Abstract
We study to improve the efficiency of finding top-k sequential patterns in database graphs, where each edge (or vertex) is associated with multiple transactions and a transaction consists of a set of items. This task is to discover the subsequences of transaction sequences that frequently appear in many paths. We propose PSMSP, a Parallelized Sampling-based Approach For Mining Top-k Sequential Patterns, which involves: (a) a parallelized unbiased sequence sampling approach, and (b) a novel PSP-Tree structure to efficiently mine the patterns based on the anti-monotonicity properties. We validate our approach via extensive experiments with real-world datasets.
This work has been supported in part by the National Key Research and Development Program of China (No. 2017YFB0803301), the Natural Science Foundation of China (No. U1836215), and DongGuan Innovative Research Team Program (No. 201636000100038).
Access provided by Autonomous University of Puebla. Download conference paper PDF
Similar content being viewed by others
Keywords
1 Introduction
The problem of sequential pattern mining, which discovers frequent subsequences from a sequence database, has been extensively studied in [3,4,5,6]. Motivated by the rich knowledge in the database graph, a related but different problem is proposed [2], which is to perform sequential pattern mining in database graphs, aiming to discover the subsequences that frequently appear in many paths of the graph. It is natural to ask whether we can extend the existing sequential pattern mining methods for this new task. Unfortunately, there is no straightforward way as most of existing methods don’t account for a database graph as input. Moreover, the number of transaction sequences induced by all possible random walks of a database graph is extremely huge, demanding more efficient approaches. Despite the fact that a recent study [2] has proposed to approximate the sequential patterns in a database graph, it still falls short in efficiency.
To fill this gap, we propose to improve the efficiency of finding top-k sequential patterns in database graphs through two-stage optimizations. First, we develop a parallelized sampling method as well as a weighting mechanism for the sampled transaction sequences. Second, we develop a novel Tree of Trees (ToT) structure, PSP-Tree, to mine the approximate top-k patterns by exploring the anti-monotonicity properties.
2 Problem Definition
Let \(\alpha \) be an item, I be a set of items and an itemset X be a subset of I. We assume that items follow an arbitrary fixed order in each itemset. A transaction is a tuple \(\tau =(tid, X)\), where tid is a unique transaction-id and X is the corresponding itemset.

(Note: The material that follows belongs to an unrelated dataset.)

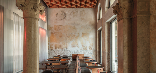 Tragendes Rippengewölbe auf Pfeilern: Innenraum des rekonstruierten Hauses „Klein Nürnberg“ von Dreysse Architekten.

A database graph \(G=(V, E, \mathbb {T})\) is directed, where V is a finite set of vertices, \(E \subseteq V \times V\) is a set of directed edges and \(\mathbb {T}=\{T_e|e \in E\}\) is a set of transaction databases that each transaction database \(T_e\) is associated with the edge e.
A (directed) path p in G is a sequence of edges \(p=\langle e_1, \ldots , e_h \rangle \), where \(e_i\) and \(e_{i+1}\) (\(1 \le i < h\)) are incident, and the length of the path is \(len(p)=h\). A transaction sequence supported by p, denoted by \(ts = \langle \tau _1, \ldots , \tau _h \rangle \), is a sequence of transactions such that there exists a path \(p=\langle e_1, \ldots , e_h \rangle \) and \(\tau _i \in T_{e_i}\) for \(1 \le i \le h\). The length of ts is \(len(ts)=h\). A sequential pattern \(s=\langle X_1, \ldots , X_h \rangle \) is a series of itemsets, and it is said to be contained by a transaction sequence \(ts = \langle \tau _1, \ldots , \tau _h \rangle \) if \(X_i \subseteq \tau _i\) for \(1 \le i \le h\); i.e., \(X_i\) is an itemset of the transaction \(\tau _i\), and it is also called the i-th itemset of ts.
Denote \(D_l\) as the set of all length-l transaction sequences supported by paths in G. The support and frequency of a pattern s in \(D_l\), denoted by sup(s) and f(s) respectively, are the number and the proportion of unique transaction sequences in \(D_l\) that contain s.
In this paper, given a database graph G, an integer \(k > 0\) and a fixed length \(l>0\), the problem of finding the top-k sequential patterns is to find the top-k patterns of length l that have the largest frequencies in \(D_l\) of G.
For example, given G in Fig. 1, the top-6 length-3 patterns when \(k=6\) and \(l=3\) are \(\langle (a)(c)(c) \rangle \), \(\langle (a,c)(c)(c) \rangle \), \(\langle (a)(a)(c) \rangle \), \(\langle (a)(b)(c) \rangle \), \(\langle (a)(c)(b) \rangle \), and \(\langle (a)(c)(a) \rangle \).
3 The Method
In this section, we introduce our PSMSP method, consisting of two stages, the parallelized sampling stage and the PSP-Tree mining stage.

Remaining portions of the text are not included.